FDA Approves Pfizer's PENBRAYA Vaccine for Meningococcal Disease

The U.S. Food and Drug Administration (FDA) has approved Pfizer Inc.'s PENBRAYA™ (meningococcal groups A, B, C, W and Y vaccine) on October 20, 2023. The vaccine is the first and only pentavalent vaccine providing coverage against the most common serogroups causing invasive meningococcal disease (IMD) in adolescents and young adults aged 10 through 25. PENBRAYA combines components from two meningococcal vaccines to protect against serogroups A, B, C, W, and Y.

Pfizer stated the vaccine aims to simplify vaccination schedules in the U.S. by reducing the total number of doses needed for comprehensive protection against the five leading serogroups. The company believes fewer doses may lead to more adolescents receiving timely vaccinations, thereby decreasing the incidence of IMD and its severe long-term consequences.

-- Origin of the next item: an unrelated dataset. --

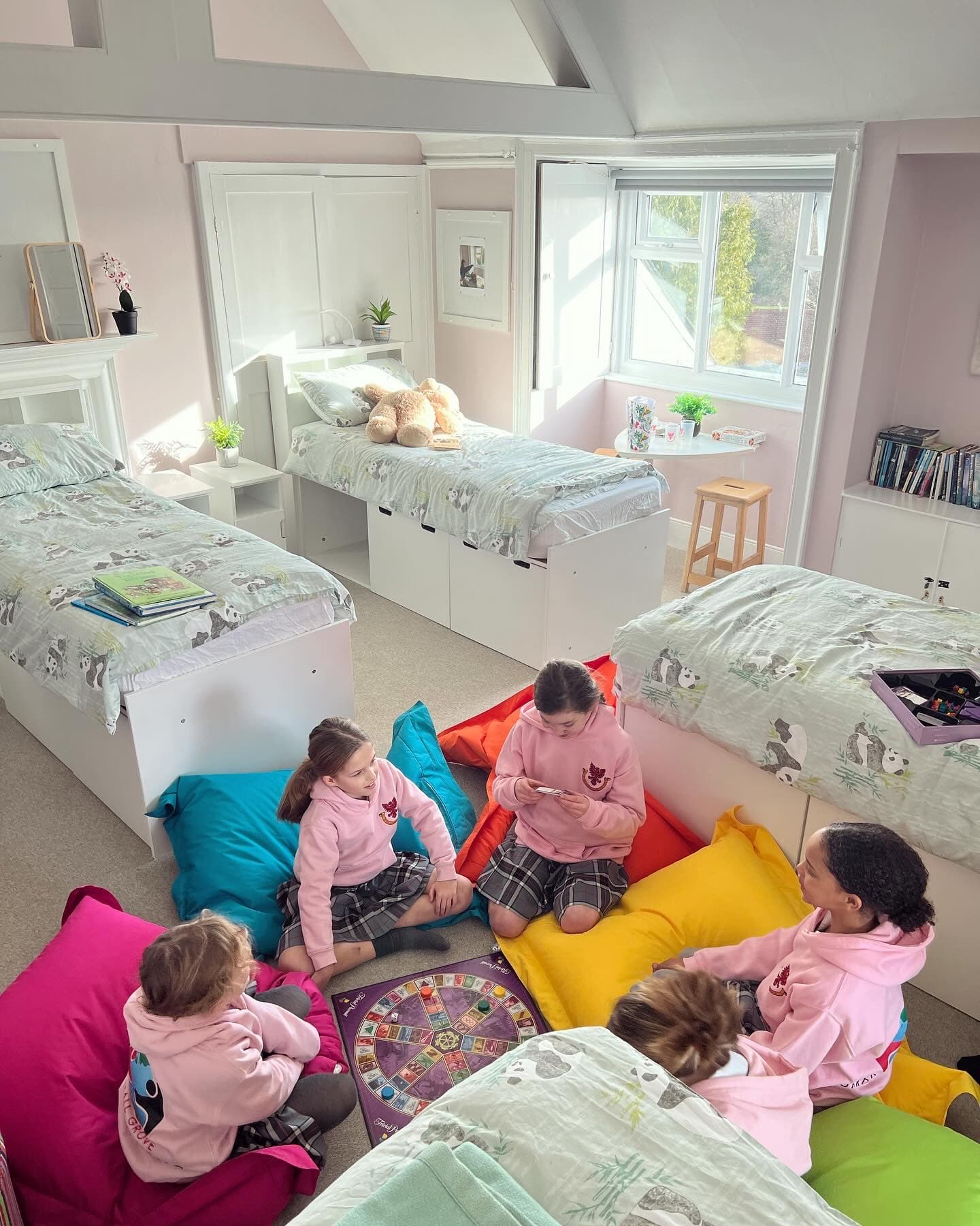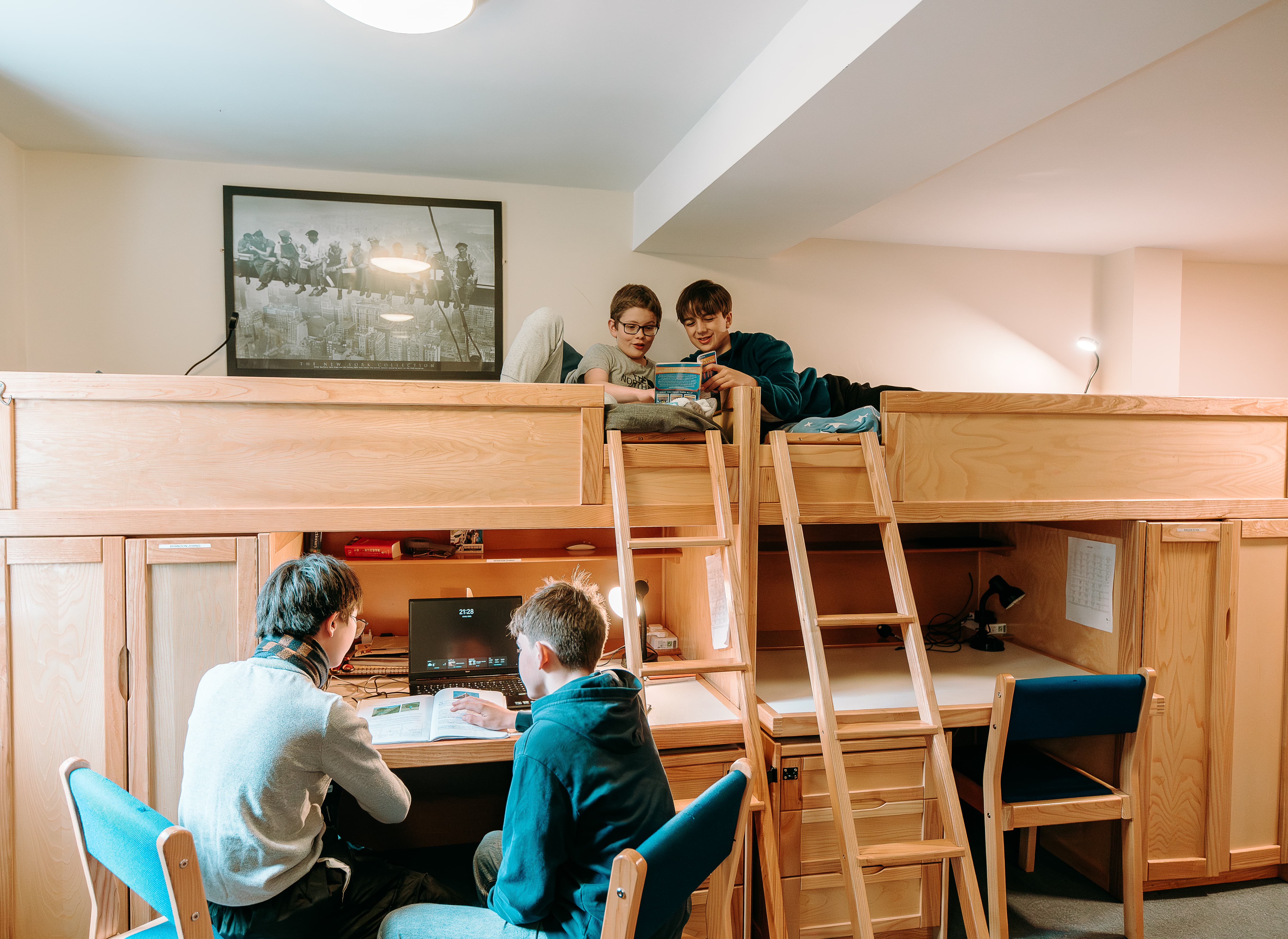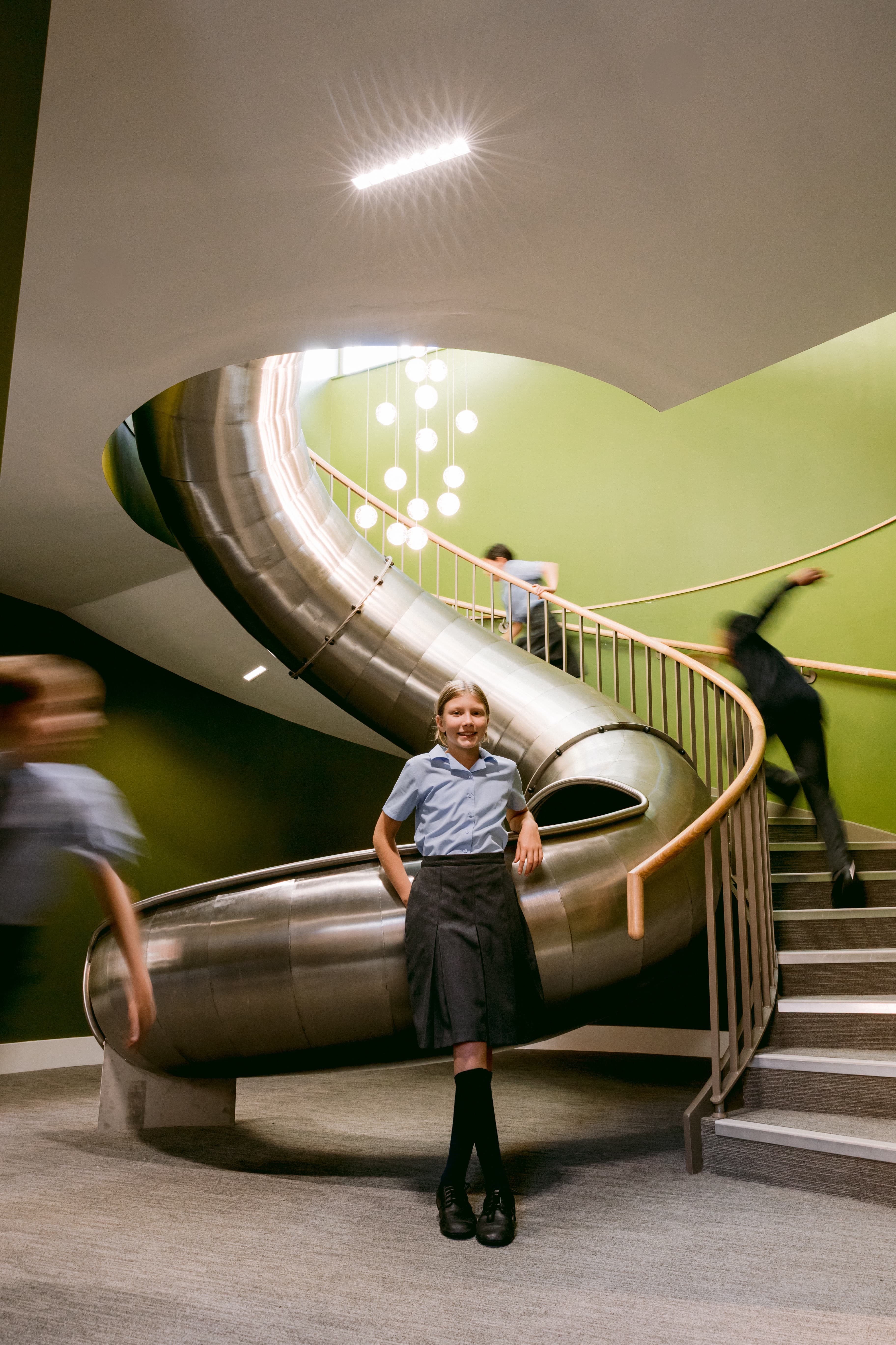 Recognising that family life has changed, the school approached the project from a parents’ perspective. Parents today, Bilton Grange tells us, value ‘flexibility, quality and reassurance’, and if boarding is to thrive, ‘it has to be exceptional in every way’. The design of its new boarding house was led by questions such as ‘What does home look like for today’s eight- to 13-year-olds?’, and the result is striking. It’s more hotel than school, with pupils sleeping in ensuite bedrooms, having access to dedicated hubs for games and music during downtime and donning their PJs for cosy movie nights on big screens. The jewel in Earle House’s crown is an epic helter-skelter that whisks the children down to breakfast each morning. As the school puts it, ‘This is a home, not just a building.’

The FDA's decision follows Phase 2 and Phase 3 clinical trials. These studies demonstrated that PENBRAYA has robust immunogenicity and was well-tolerated with a favorable safety profile. The vaccine's immunogenicity was found to be non-inferior to a combination of the currently U.S.-licensed vaccines Trumenba® and Menveo® across all targeted serogroups.

Meningococcal disease is an uncommon but serious illness that can be fatal within 24 hours or lead to life-altering disabilities for survivors. The CDC's Advisory Committee on Immunization Practices (ACIP) is scheduled to meet to discuss recommendations for the vaccine's appropriate use.